Monteiro Lobato já era meu conhecido, pois possuía “Dom Quixote para Crianças”, com impressionantes ilustrações de Gustavo Doré: e uns dois ou três livros da turma do Sitio do Pica-pau Amarelo.

Em uma classe, perguntei ao professor Alencar Assis onde era a biblioteca do ginásio.

— O ginásio não tem biblioteca não, Antonio.

Apesar da pouca idade, estranhei não haver uma biblioteca no Ginásio Paraisense. Pois se até no Grupo Escolar Campos do Amaral, que eu frequentara, havia uma biblioteca, como não havia no Ginásio? O professor recomendou que eu falasse com o Irmão Germano, regente da classe.

Fui e perguntei.

Ele respondeu:

— Temos uma pequena biblioteca só para os alunos internos. São livros de aventuras, para jovens.

— E os alunos externos?

Ele me olhou com cara de quem está sacaneando e me disse:

— Se você quiser, posso te alugar os livros, mas só durante as férias. E se você gosta tanto de ler, posso providenciar uma assinatura de uma revista mensal. É bem boa.

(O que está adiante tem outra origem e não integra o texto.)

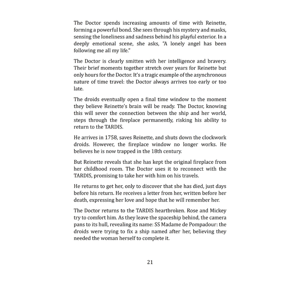 It covers from his explosive debut in The Christmas Invasion to his poignant farewell in The End of Time. The book explores the Tenth Doctor’s relationships with Rose Tyler, Martha Jones, Donna Noble, and beyond: as well as his confrontations with iconic foes like the Master, the Daleks, and the Weeping Angels.

Era “Avante Cruzados”, que assinei sem conhecer. Tratava-se de uma revista de 32 páginas, dedicada principalmente aos cruzados, isto é, aos garotos e garotos que freqüentavam a “Cruzada Infantil”, uma espécie de clubinho dentro da Igreja Católica que ensinava algumas coisas além do catecismo, e tinha uma prática de rezar o terço diário.

Gostei da revista, que tinha também muitas páginas de curiosidades, artigos não religiosos e nas últimas páginas, uma aventura de um herói chamado Tim-Tim, que mais tarde viria a conhecer nos quadrinhos. A aventura era em texto, com uma ou duas ilustrações, e era vivida pelo garoto em terras longínquas e misteriosas.

E uma característica que só vi naquela revista: cada edição mensal era impressa totalmente numa cor diferente: vermelho, verde, azul, etc. Não havia gravuras coloridas, isto é, com muitas cores. Diferente do “Tico-Tico”, com quadrinhos e gravuras muito coloridas.

Gostava tanto da revista “Avante Cruzados” que a assinei por três anos, só a abandonando porque foi ficando infantil para meu gosto.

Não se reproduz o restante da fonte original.